The data:
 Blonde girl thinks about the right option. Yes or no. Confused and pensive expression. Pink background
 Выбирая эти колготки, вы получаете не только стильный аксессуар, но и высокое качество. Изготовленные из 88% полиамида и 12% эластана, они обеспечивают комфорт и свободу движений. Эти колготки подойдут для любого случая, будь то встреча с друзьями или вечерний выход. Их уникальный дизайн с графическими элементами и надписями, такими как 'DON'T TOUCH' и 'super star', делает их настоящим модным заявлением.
--
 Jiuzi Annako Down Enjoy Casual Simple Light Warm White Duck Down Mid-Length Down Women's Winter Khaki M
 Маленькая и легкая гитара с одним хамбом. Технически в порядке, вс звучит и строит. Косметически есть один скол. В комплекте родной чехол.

Try it: As listed above, the lines from the line with "Jiuzi Annako Down" to the line with "Маленькая и легкая" are to be echoed exactly, with both ends included and nothing added.

Task result:
 Jiuzi Annako Down Enjoy Casual Simple Light Warm White Duck Down Mid-Length Down Women's Winter Khaki M
 Маленькая и легкая гитара с одним хамбом. Технически в порядке, вс звучит и строит. Косметически есть один скол. В комплекте родной чехол.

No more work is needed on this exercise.